PyCaret allows you to hide unnecessary columns instead of deleting them, because you may need them in the future for further analysis. For example, now we did not want to use “Country” for training and passed this column to
There are 8 ready-to-use machine learning algorithms in PyCaret.
By default, PyCaret trains the k-means clustering model on four clusters. But the default values can be easily changed:
- To change the type of model, use the parameter model at
- To change the number of clusters, use the option
For example, this is how you can do k-means clustering into 6 clusters.
from pycaret.clustering import * dataset = get_clusters(dataset, model='kmodes', num_clusters=6, ignore_features=['Country'])
Another column with a cluster label is added to the original dataset. Then all the values in the column year used to normalize data and further visualize in Power BI.
This is how the end result will look in Power BI.
When you have acquired cluster labels in Power BI, you can visualize them in the dashboard in Power BI for analytics:
You can download the PBIX file and dataset from Github.
Above, we demonstrated the simplest clustering implementation in Power BI. I note that this method trains the clustering model every time a dataset is updated in Power BI. This can be a problem for the following reasons:
- When the model is re-trained on the new data, the cluster labels can change (that is, if earlier some data points were assigned to the first cluster, then when re-trained, they can be assigned to the second cluster);
- You will not want to spend several hours each time re-training the model.
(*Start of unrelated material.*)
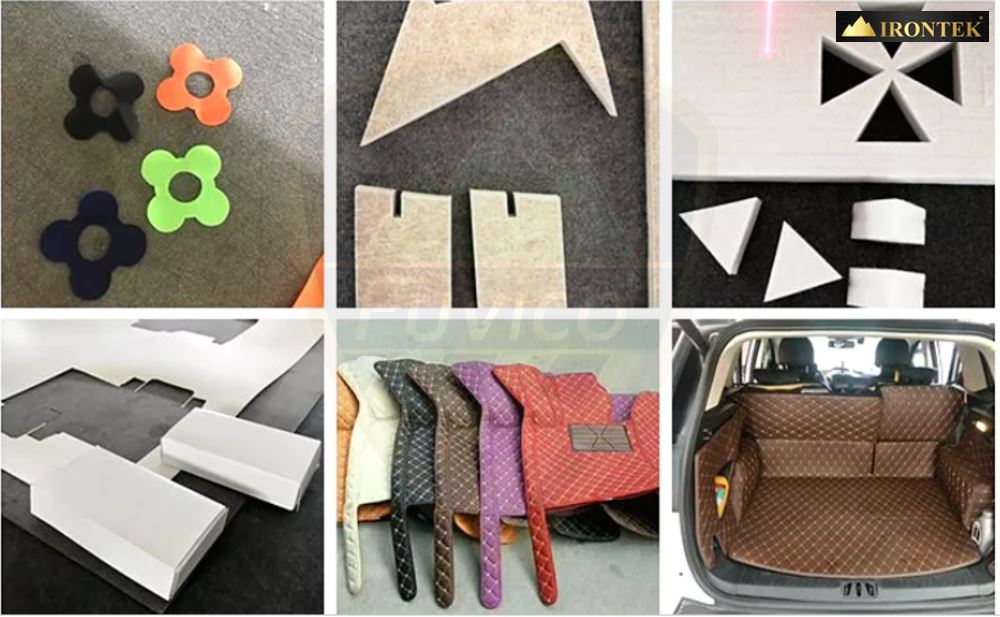 - Cắt da, vải, mút xốp, da PU, giấy, tấm carton, vật liệu mềm...(cần đổi đầu dao cắt)

A more effective way to implement clustering in Power BI instead of re-learning over and over is to use a pre-trained model to create cluster labels.
Early Model Training
You can use any integrated development environment (IDE) or Notebook to train the model. In this example, we trained the clustering model in Visual Studio Code.
Then, the trained model is saved as a pickle file and imported into Power Query to generate cluster labels.
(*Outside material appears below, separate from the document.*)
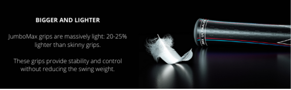 TWIST-RESISTANT STABILITYCORE: Our UltraLite golf club grip offers maximum performance in the rough, it is firm, stable and won’t tear up from your hands even with all the hours of practice. SUPER OVERSIZED GRIP PROFILE: this golf club grips oversized were developed to increase clubhead awareness, the UltraLite provides all the stability of a Jumbo Max extra large grip without reducing the swing weight. THE JMX ULTRALITE DEBUTES TRI-TEXTURE: with specially designed surface details placed in specific areas of the golf driver grip to boost performance, feel, and all-weather playability. ULTRALITE CONSTRUCTION: The JMX UltraLite golf grips oversize promotes light even golf grip pressure, it was created to be massively light: 20-25% lighter than skinny grips. A MAJOR WINNER: This Ultralite jumbo golf grips were used by 2020 U.S. Open Champion Bryson DeChambeau to max out the speed and reduce the overal weight of the club.

If you want to learn more about implementing cluster analysis in Jupyter notebook with PyCaret, watch this two-minute video.
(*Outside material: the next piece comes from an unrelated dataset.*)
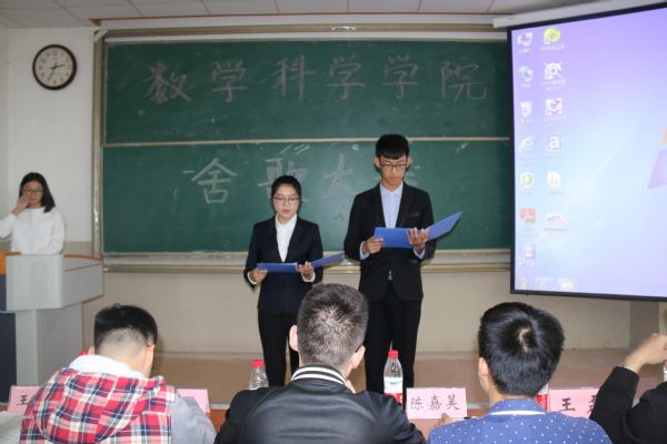 为了营造良好的宿舍氛围,繁荣宿舍文化,共建幸福校园,2017年10月29日下午2点,由自慰高潮 学生会主办、数学学院学生会社区管理服务中心承办的舍歌大赛在11教一段501教室举行初赛。本次大赛由学生会各位主席担任评委,由赵慧敏、王哲主持。此外,到场的还有学生会各位部长,各参赛宿舍同学。

Using the pre-trained model
Run the code below to generate tags from the pre-trained model:
from pycaret.clustering import * dataset = predict_model('c:/.../clustering_deployment_20052020, data = dataset)
The result will be the same as we observed earlier. The only difference is that when using the pre-trained model, the tags will be generated based on the new data set using the old model, and not on the model that has been retrained.
Work with Power BI Service
After you upload the .pbix file to the Power BI service, you will need to follow a few more steps to ensure smooth integration of the machine learning pipeline into your data pipeline. The steps will be as follows:
- Turn on the scheduled update of the data set – this will allow to schedule the workbook with your data set to be updated using a Python script, take a look at the section Configuring scheduled refresh, which also has information about Personal Gateway.
- Install Personal Gateway – you will need a Personal Gateway, which must be installed in the same directory where Python is installed. The Power BI service must have access to the Python environment. Here You can learn more about how to install and configure Personal Gateway.
If you want to know more about cluster analysis, you can familiarize yourself with our guide in this notebook’e.